Die vom Kläger selbst gesuchte Umschulung zum Industriekaufmann war ihm zumutbar. Für den Abbruch hatte er auch keinen wichtigen Grund. Die Beklagte hatte dem Kläger die Lehrgangsgebühren sowie Fahrtkosten und Unterhaltsgeld bewilligt. Soweit der Kläger sich wegen seiner finanziellen Probleme, die teilweise aus der familiären Trennungssituation herrührten, zum Abbruch für berechtigt hielt, konnte dem der Senat nicht folgen. Soweit der Kläger zunächst niedrigeres Unterhaltsgeld erhielt, war dies ausdrücklich nur als vorläufige Leistung bezeichnet und mit DM 259,80 je Woche höher als die zuvor tatsächlich bezogene Arbeitslosenhilfe von DM 229,20 (nach dem später wieder erhöhten Bemessungsentgelt von DM 660,–), aber auch nur um 15,– DM niedriger als die ihm zustehende Arbeitslosenhilfe in Höhe von DM 274,80 (bei Bemessungsentgelt von DM 830,–). Dem Kläger war aber auch zumutbar, die endgültige Höhe des Unterhaltsgeldes abzuwarten. Keinen wichtigen Grund zum Abbruch stellt die Weigerung der Beklagten dar, dem Kläger einen Pkw (teilweise) zu finanzieren. Dem Kläger waren die täglichen Pendelfahrten zwischen Wohnung und Umschulungsstätte auch mit öffentlichen Verkehrsmitteln zumutbar (vgl. Urteil des erkennenden Senats vom 8. Oktober 1997 – L 6/Ar-145/96).

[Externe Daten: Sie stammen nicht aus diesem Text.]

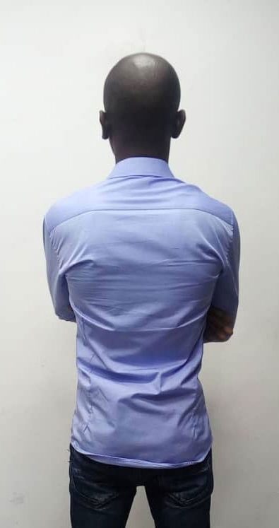 La femme trans camerounaise C., nouvellement sortie de prison, doit souvent s’habiller en homme pour sa sécurité. Pour la même raison, son visage n’est pas montré ici. (Photo de 2HRC)
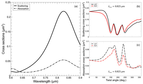 (a) Scattering and absorption cross-section for the untwisted TnP in Figure 1 for LCP and RCP (no differences for this geometry), clearly depicting the main plasmonic resonance at m and another weaker one at shorter m wavelength. (b) Scattering and (c) absorption cross-sections for a fixed wavelength, , varying the twisting angle.
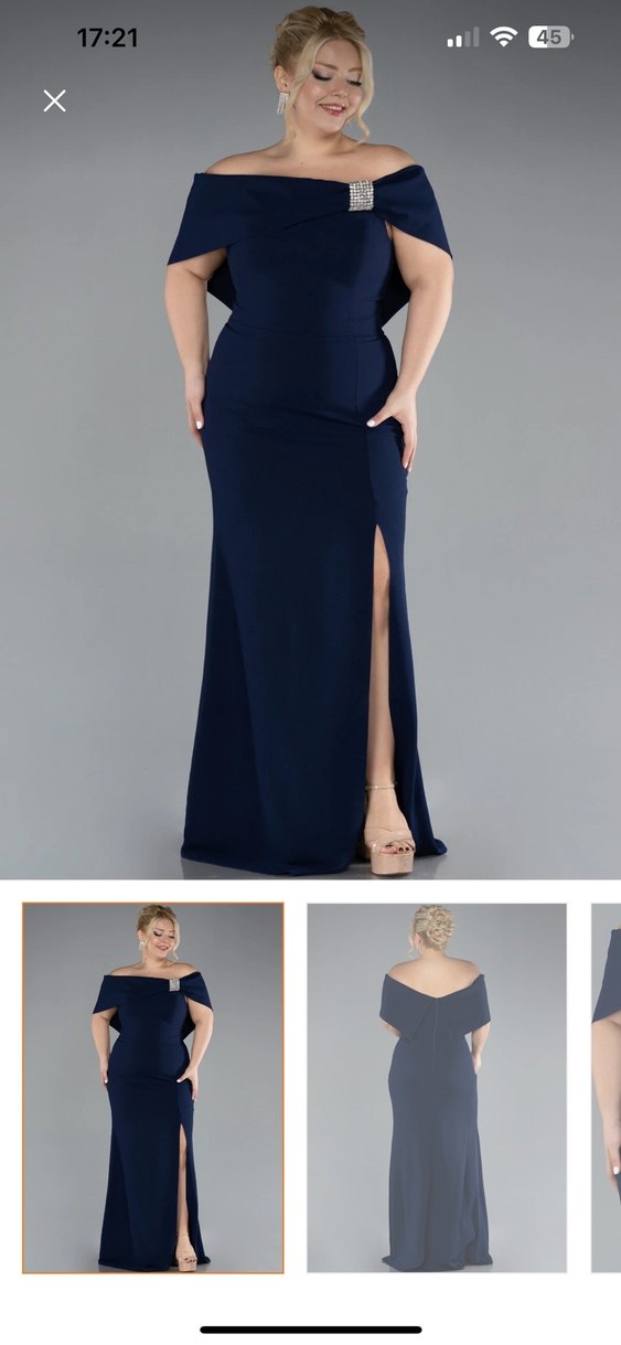 Lacivert uzun abiye elbise, kayık yaka ve vücuda oturan kesime sahiptir. Yırtmaçlı ve ince askılı kollu, klasik ve modern dokunuşlar sunar.
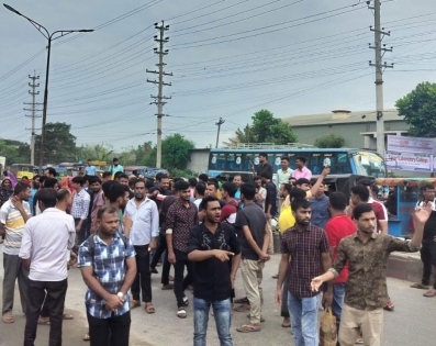 বকেয়া বেতন আদায়ের দাবিতে সাভারের তিনটি কারখানার শ্রমিকরা রাস্তা অবরোধ করেছে।

Das Vorliegen einer besonderen Härte nach den für den Eintritt einer Sperrzeit maßgebenden Tatsachen ist nicht erkennbar.

Die Kostenentscheidung beruht auf § 193 SGG.

Die Revision war nicht zuzulassen, da die Voraussetzungen des § 160 Abs. 2 SGG nicht vorliegen.